• **Materials provided**:

··········

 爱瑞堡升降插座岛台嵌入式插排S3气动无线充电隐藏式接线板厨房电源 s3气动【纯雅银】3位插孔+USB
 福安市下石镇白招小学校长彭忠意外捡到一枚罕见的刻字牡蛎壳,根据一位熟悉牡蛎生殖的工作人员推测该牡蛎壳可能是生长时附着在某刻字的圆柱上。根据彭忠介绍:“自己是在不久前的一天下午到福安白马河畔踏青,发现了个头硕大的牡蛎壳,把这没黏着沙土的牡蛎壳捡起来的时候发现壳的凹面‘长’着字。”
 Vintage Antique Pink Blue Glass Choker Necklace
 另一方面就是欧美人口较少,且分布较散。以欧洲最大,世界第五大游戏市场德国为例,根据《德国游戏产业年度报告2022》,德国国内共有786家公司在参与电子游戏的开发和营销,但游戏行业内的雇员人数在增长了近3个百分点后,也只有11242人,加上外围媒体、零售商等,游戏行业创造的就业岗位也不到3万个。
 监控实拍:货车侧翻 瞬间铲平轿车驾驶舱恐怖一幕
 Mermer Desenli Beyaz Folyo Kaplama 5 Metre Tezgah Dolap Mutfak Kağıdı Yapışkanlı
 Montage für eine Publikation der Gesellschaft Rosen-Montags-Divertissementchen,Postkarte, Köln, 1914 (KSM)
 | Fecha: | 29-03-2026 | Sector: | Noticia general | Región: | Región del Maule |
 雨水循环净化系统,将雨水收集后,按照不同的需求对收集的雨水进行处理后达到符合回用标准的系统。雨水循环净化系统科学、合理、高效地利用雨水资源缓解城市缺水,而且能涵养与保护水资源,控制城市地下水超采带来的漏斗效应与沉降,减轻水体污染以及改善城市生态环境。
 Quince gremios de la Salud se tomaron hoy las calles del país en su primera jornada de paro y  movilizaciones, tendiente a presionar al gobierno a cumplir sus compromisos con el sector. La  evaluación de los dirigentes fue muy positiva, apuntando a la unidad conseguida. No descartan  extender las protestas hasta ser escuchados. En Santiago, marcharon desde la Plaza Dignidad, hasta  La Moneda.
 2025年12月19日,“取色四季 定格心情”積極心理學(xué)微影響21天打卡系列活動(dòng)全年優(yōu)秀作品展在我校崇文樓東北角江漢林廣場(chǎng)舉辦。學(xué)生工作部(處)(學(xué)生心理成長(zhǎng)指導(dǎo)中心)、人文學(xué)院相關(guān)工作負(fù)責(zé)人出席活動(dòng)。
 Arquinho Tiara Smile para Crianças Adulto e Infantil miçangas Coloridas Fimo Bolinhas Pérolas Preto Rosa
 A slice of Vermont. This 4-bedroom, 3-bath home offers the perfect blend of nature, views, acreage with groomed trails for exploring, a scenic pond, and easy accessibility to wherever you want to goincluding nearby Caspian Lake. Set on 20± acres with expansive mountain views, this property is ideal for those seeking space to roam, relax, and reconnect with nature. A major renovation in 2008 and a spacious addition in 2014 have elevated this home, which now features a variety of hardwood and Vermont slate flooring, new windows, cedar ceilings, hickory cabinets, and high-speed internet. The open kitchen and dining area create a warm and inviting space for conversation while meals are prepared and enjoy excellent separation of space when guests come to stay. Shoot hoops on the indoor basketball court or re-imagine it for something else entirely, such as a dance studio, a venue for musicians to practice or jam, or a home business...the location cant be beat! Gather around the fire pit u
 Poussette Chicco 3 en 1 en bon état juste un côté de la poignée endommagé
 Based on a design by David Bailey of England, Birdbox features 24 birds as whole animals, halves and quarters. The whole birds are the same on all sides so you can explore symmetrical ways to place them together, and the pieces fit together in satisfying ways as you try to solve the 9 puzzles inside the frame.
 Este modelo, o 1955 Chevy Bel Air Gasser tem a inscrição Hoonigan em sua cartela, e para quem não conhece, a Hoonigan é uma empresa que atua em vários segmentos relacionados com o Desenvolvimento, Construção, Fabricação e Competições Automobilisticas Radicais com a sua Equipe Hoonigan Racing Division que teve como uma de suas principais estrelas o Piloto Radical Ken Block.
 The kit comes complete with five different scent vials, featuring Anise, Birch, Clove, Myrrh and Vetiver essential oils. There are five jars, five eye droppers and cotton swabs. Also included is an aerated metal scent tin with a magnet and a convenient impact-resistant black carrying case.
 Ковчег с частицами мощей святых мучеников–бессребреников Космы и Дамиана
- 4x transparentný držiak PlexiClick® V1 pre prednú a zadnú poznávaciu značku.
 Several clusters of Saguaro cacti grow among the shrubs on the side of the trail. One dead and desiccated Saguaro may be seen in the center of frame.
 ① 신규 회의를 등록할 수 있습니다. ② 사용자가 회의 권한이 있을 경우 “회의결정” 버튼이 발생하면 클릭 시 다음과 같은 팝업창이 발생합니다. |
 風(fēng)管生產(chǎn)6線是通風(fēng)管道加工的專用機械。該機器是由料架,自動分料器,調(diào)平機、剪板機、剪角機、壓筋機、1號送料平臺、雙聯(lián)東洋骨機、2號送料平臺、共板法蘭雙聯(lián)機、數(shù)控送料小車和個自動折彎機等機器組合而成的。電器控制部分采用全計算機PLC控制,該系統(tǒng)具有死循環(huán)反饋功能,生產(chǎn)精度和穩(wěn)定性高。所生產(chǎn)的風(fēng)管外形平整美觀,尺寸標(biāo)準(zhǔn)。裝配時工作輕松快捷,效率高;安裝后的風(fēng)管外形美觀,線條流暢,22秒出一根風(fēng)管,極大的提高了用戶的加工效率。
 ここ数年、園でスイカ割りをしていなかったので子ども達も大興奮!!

··········

The reply should consist of one number: how many lines of the material contain the word "frame".

2